EXERCISE BRIEF: The answer must be the full listing, word for word, with no pictures in it.

DATA:
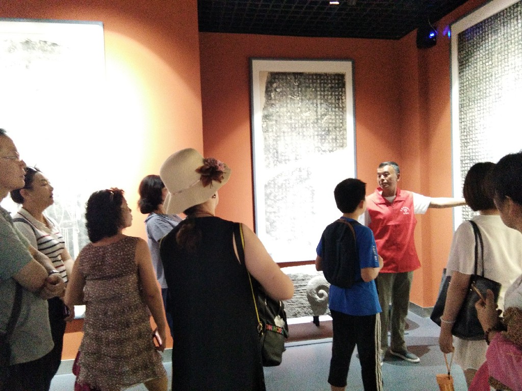 加入志愿者大家庭后,王老師發(fā)現(xiàn):年輕的高校生都是“小鮮肉”、“顏值高”,還有從事歷史、文物工作的社會人士,年齡比他大10歲的最年長志愿者也是高校教師。大家經常在微信群里交流專業(yè)知識和講解技巧。王立彬認為自己年齡、專業(yè)都不占優(yōu)勢,更加謙虛好學,一方面經常去省圖書館閱讀文物著作,背誦詩詞和文物上拗口難認的銘文;另一方面,不拘泥于解說詞,他根據(jù)自己對濟南周邊文化景點和文物出土地點的熟悉,在解說中添加了很多歷史典故,古今貫通,幽默詼諧。沒想到,他的小故事、小笑話,小包袱,幫助他很快形成了自己的風格。
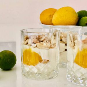 将各层按以下顺序浇入杯中:打发好的奶油、柠檬凝乳、手指饼干、柠檬凝乳、打发好的奶油。顶上撒一些烤腰果和柠檬皮碎。尽情享用吧!
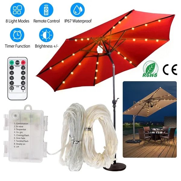 *8 Brightness Modes*:Gorgeous lighting modes including combination; wave; sequential; fading slowly; slow-glow; chasing; twinkle and steady on. Suitable for decorating umbrella or tents with 8 ribs. Ideal for decorating your patio; garden; deck; backyard; pool; gate; yard; party etc; also can be used as decorative string lights for cafe; bar; Christmas tree and other places.(Note:Umbrella not included)

RESPONSE BOX:
 加入志愿者大家庭后,王老師發(fā)現(xiàn):年輕的高校生都是“小鮮肉”、“顏值高”,還有從事歷史、文物工作的社會人士,年齡比他大10歲的最年長志愿者也是高校教師。大家經常在微信群里交流專業(yè)知識和講解技巧。王立彬認為自己年齡、專業(yè)都不占優(yōu)勢,更加謙虛好學,一方面經常去省圖書館閱讀文物著作,背誦詩詞和文物上拗口難認的銘文;另一方面,不拘泥于解說詞,他根據(jù)自己對濟南周邊文化景點和文物出土地點的熟悉,在解說中添加了很多歷史典故,古今貫通,幽默詼諧。沒想到,他的小故事、小笑話,小包袱,幫助他很快形成了自己的風格。
 将各层按以下顺序浇入杯中:打发好的奶油、柠檬凝乳、手指饼干、柠檬凝乳、打发好的奶油。顶上撒一些烤腰果和柠檬皮碎。尽情享用吧!
 *8 Brightness Modes*:Gorgeous lighting modes including combination; wave; sequential; fading slowly; slow-glow; chasing; twinkle and steady on. Suitable for decorating umbrella or tents with 8 ribs. Ideal for decorating your patio; garden; deck; backyard; pool; gate; yard; party etc; also can be used as decorative string lights for cafe; bar; Christmas tree and other places.(Note:Umbrella not included)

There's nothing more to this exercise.